So, there seemed to be a market for continuous market foresight services. After a while, we noticed that two major things were hindering our progress: 1) our business scalability, and 2) our customers' fear of investing their own time into such work. So, a decision was taken that is pushing us from a service company to a software as a service company. A big decision for us, but we believe both of the above problems can then be solved.

The first version of our software went live in spring 2016. Now a year later, we are taking another leap by aiming to support our customers' strategic decision making with the help of artificial intelligence.

And what of AI? Why do we believe in this?

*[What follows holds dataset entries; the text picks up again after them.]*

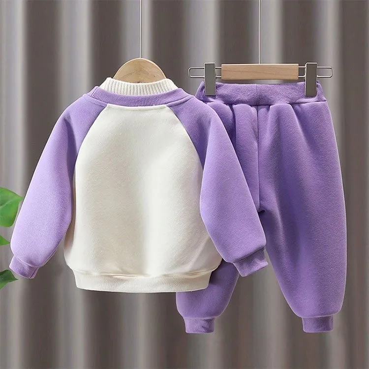 女童加絨套裝秋冬2025款洋氣兒童庫洛米女孩加厚連帽外套2件套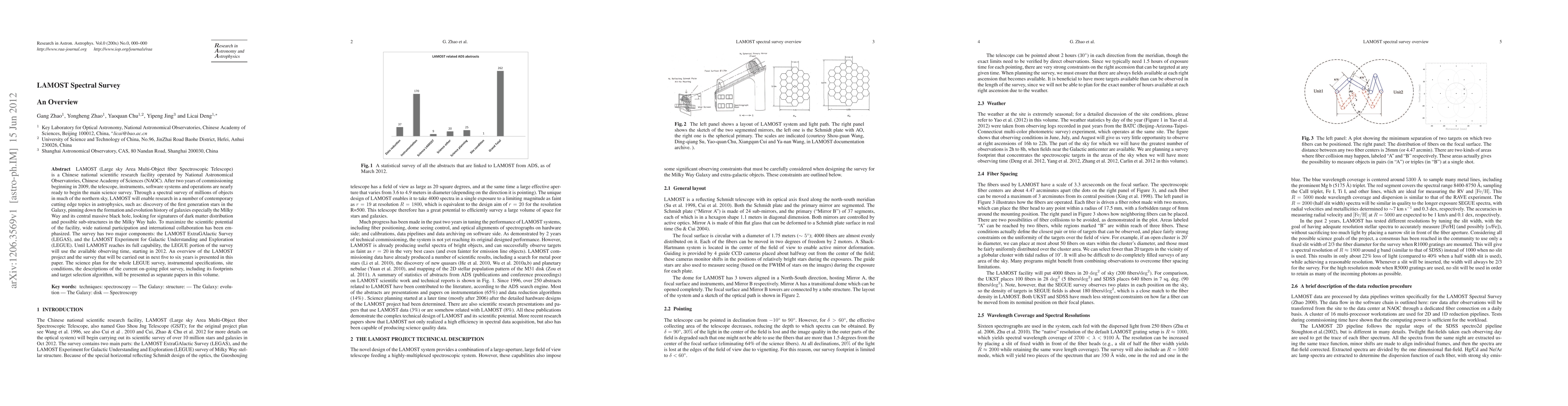 The LAMOST Spectral Survey aims to conduct a comprehensive spectral survey of millions of objects in the northern sky, enabling research on first-generation stars, galaxy formation, and dark matter distribution. The survey, starting in 2012, includes two major components: LEGAS and LEGUE, with the latter focusing on understanding the Milky Way and its central black hole.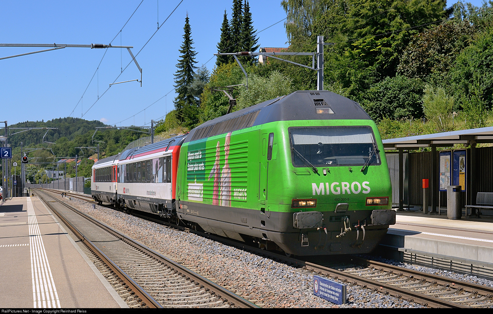 | 460 080 in commercial livery "MIGROS" passes Jestetten station with a track measuring train in direction to Schaffhausen. |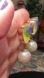 Betsey Johnson Gold Tone Iridescent Heart & Faux Pearl Cupid Motif Drop Earrings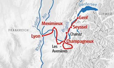 Weltbekannt ist Genf, der Ausgangspunkt Ihrer Veloreise. Die Wasserfontäne im Genfer See verabschiedet Sie aus der Schweiz und schickt Sie auf eine Tour, die abwechslungsreicher kaum sein könnte. Ihr ständiger Begleiter ist dabei die Rhône.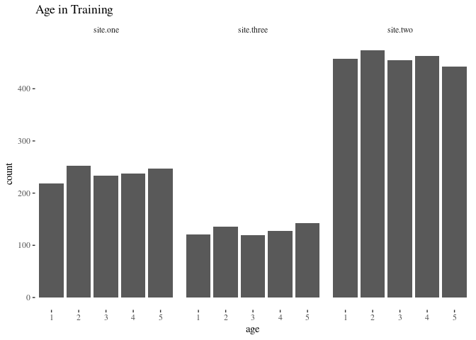 barbysite(df2[df2$train,],"age") + ggtitle("Age in Training")

Artificial intelligence and machine learning in their many forms are here to stay. Giants like Amazon, Google and IBM are without a doubt forerunners and main creators of the ecosystems around them.

As for us, we are not here to build the new algorithms, nor to create new technology. Our aim is to apply the best technologies at high usability, all in order to help our customers make educated and insightful decisions about their future. In practical terms, we are providing capabilities for handling large amounts of textual data from different sources, for finding correlations between them, and for highlighting clusters of information that might show directions for emerging or changing phenomena and trends.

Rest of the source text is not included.